• _WHAT THE TASK REQUIRES_
In the entries that follow, the line with "West Bengal: People" opens the range and the line with "A silhouette drawing" closes it; repeat that range exactly, both lines included.

[[ SOURCE INFORMATION, beginning ]]

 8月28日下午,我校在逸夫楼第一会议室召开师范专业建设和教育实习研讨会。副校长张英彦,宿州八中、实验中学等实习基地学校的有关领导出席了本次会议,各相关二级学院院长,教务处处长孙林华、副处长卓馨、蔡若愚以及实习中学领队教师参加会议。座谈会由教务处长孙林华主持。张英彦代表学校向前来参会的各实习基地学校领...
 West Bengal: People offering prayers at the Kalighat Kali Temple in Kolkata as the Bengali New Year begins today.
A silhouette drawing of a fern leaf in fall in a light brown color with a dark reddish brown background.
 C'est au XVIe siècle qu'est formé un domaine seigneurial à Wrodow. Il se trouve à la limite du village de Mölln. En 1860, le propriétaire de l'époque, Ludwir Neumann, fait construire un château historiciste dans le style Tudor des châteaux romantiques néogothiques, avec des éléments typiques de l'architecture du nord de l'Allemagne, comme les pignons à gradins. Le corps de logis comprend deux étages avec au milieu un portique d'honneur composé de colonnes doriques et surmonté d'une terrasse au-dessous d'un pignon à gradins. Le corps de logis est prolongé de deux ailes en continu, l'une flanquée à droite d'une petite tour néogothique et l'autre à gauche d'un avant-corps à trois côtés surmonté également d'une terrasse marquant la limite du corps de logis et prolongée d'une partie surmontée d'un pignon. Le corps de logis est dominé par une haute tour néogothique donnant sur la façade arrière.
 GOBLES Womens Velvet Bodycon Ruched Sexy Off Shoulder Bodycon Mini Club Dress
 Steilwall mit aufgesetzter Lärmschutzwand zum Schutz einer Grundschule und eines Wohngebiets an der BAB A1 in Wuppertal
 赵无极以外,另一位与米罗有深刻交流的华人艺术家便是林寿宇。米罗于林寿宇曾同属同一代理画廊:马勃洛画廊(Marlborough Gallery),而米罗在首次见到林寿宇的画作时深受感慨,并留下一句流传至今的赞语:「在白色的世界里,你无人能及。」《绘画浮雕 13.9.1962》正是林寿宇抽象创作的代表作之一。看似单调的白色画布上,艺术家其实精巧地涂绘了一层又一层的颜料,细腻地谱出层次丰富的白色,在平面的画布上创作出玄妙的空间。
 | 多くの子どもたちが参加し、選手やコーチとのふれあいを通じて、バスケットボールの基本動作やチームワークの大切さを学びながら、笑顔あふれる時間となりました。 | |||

[[ SOURCE INFORMATION, end ]]
[[ SOURCE INFORMATION, beginning ]]

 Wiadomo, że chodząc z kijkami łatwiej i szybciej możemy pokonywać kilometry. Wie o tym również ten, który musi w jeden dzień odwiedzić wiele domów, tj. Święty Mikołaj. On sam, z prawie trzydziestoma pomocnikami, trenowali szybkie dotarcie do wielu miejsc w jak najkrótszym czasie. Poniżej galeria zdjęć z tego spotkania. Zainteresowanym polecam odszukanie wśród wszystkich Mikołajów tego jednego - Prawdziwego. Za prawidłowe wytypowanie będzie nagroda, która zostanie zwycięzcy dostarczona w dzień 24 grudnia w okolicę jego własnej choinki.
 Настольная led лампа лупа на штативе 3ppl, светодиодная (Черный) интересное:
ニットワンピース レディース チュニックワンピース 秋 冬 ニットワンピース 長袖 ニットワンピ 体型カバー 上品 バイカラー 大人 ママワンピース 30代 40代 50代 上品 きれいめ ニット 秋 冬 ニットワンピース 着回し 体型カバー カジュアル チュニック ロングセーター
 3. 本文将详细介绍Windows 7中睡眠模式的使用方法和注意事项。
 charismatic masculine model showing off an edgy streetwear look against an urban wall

[[ SOURCE INFORMATION, end ]]

• _YOUR SOLUTION_
 West Bengal: People offering prayers at the Kalighat Kali Temple in Kolkata as the Bengali New Year begins today.
A silhouette drawing of a fern leaf in fall in a light brown color with a dark reddish brown background.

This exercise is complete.